Lilly has already factored in meaningful pricing headwinds: a low-to-mid teens percentage decline in global drug prices is expected, driven by the Trump administration's drug pricing deals and new direct-to-consumer Zepbound rates. Despite this, the company's 2026 revenue guidance of $80–$83 billion signals confidence that volume growth and new approvals like orforglipron will outpace price compression. Drug Discovery Trends notes that Lilly is positioned to lead pharma by revenue in 2026, though its ~$800 billion-plus valuation carries real risk if pricing pressure deepens or pharmaceutical tariffs expand under the current administration. Investors should track policy developments alongside the FDA calendar.

What AI tools can help me decide if buying Eli Lilly stock fits my current financial and debt goals?
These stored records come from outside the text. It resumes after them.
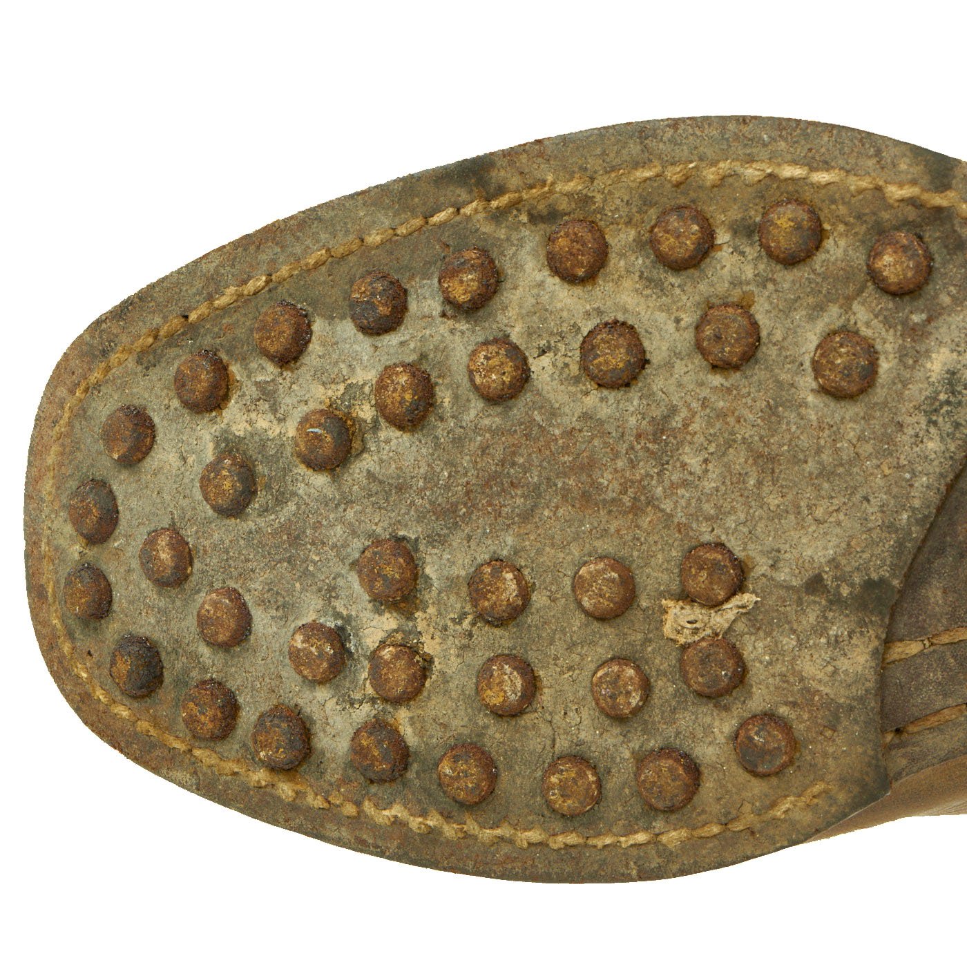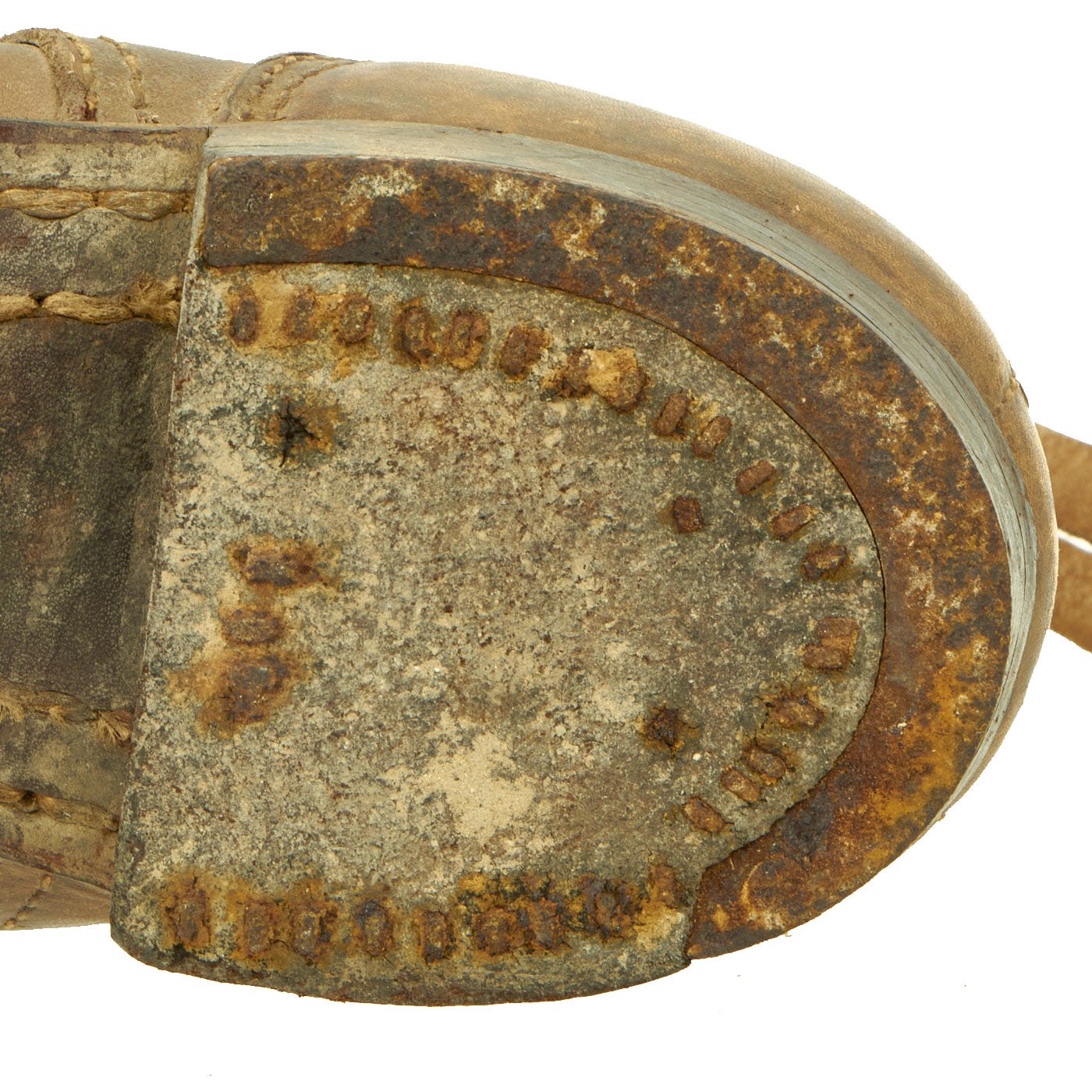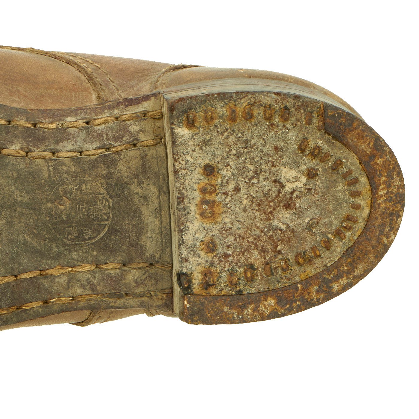 Original Items: Only One Set Available. This is a very nice lightly used pair of leather ankle combat boot, as issued to other ranks in the Imperial Japanese Army during the Pacific War. The feature stitched leather construction, with stitched on leather soles with hobnails for traction, and steel reinforced heels.
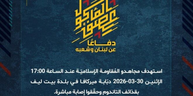 دفاعًا عن لبنان وشعبه، استهدف مجاهدو المُقاومة الإسلاميّة عند الساعة 17:00 الإثنين 30-03-2026 دبّابة ميركافا في بلدة بيت ليف بقذائف التاندوم وحقّقوا إصابة مباشرة.
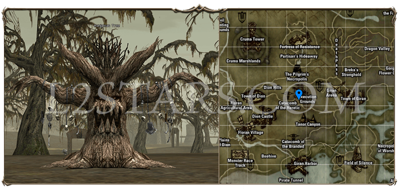 3. Телепортируемся в Town of Dion (Город Дион). Бежим в Execution Grounds (Земля Казненных). Охотимся на Hangman Tree (Висельное Дерево 35 ур.), пока не получим
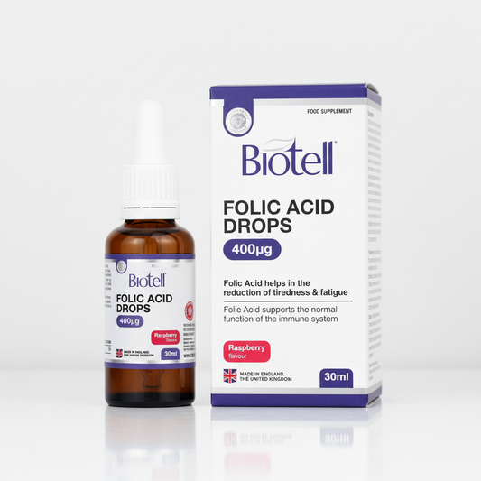 Biotell Folic Acid Drops 400µg support normal blood formation, energy metabolism, and maternal health during pregnancy. Easy-to-use daily liquid drops.
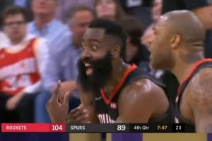 2019年12月4日,火箭对马刺的比赛第四节,哈登抢断快攻无人防守,完成一次大力扣篮。球以很大力量砸进篮筐,先完全穿过篮网(从上到下通过篮圈和网),但由于力量太大,球被篮网“缠住”并反弹向上,从篮圈上方再次弹出,看起来像“没进”或直接从篮筐上弹走。
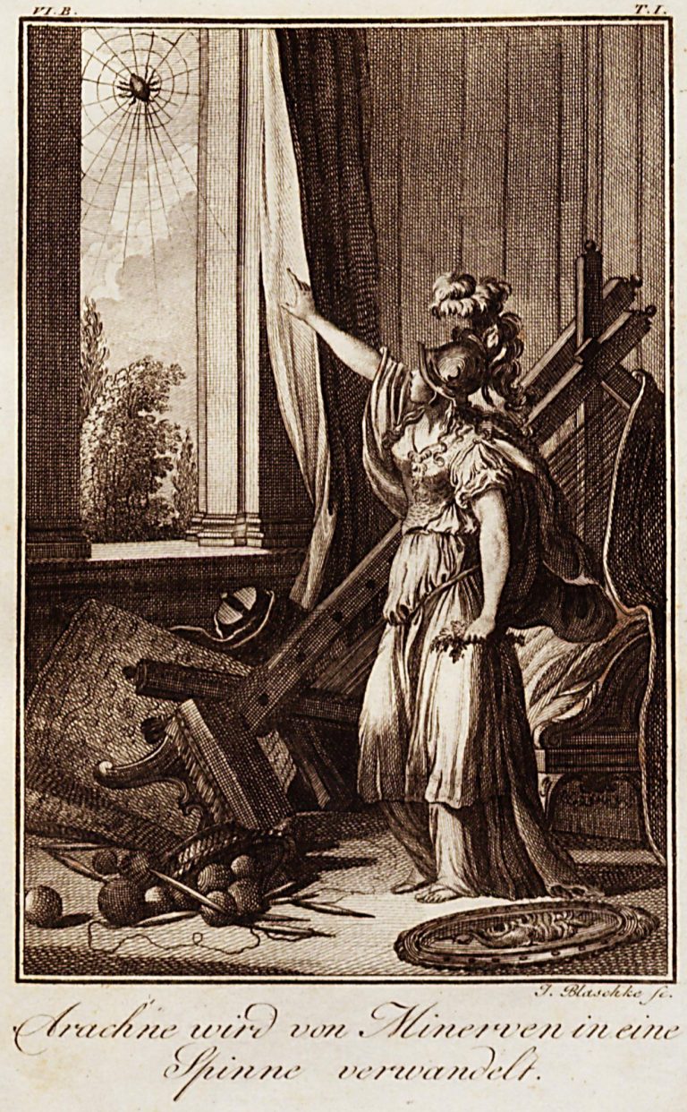 Pod rytinou německý text Arachne wird von Minerven in eine Spinne verwandelt., v horní části označení VI. B. T. I.
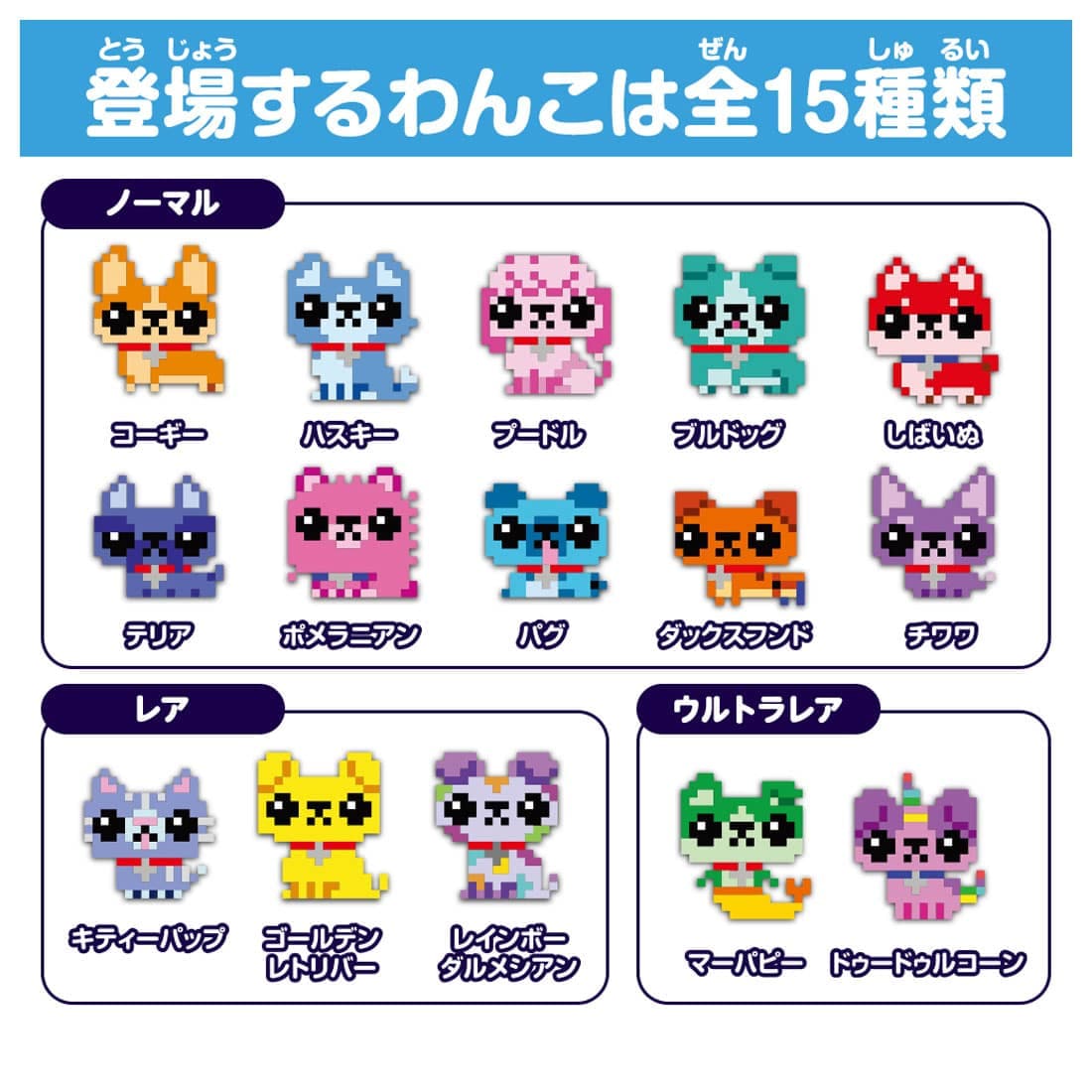 ・キャラクターはノーマル・レア・ウルトラレアの全15種類!お気に入りのわんこを見つけよう。

Several AI credit tools can help you approach this decision holistically rather than in isolation. Platforms like Credit Karma and Experian use AI to monitor your financial health, surface spending priorities, and recommend steps for credit repair before you take on investment risk. On the investing side, AI-powered assistants like Magnifi analyze your portfolio in the context of your income, obligations, and risk tolerance — not just market momentum. These tools cannot tell you whether LLY will rise or fall after April 10. But they can answer the more important personal question: is your financial situation genuinely ready for the volatility that comes with a high-stakes pharmaceutical stock right now?

Disclaimer: This article is for informational purposes only and does not constitute financial advice. Please consult a qualified financial advisor before making any investment decisions.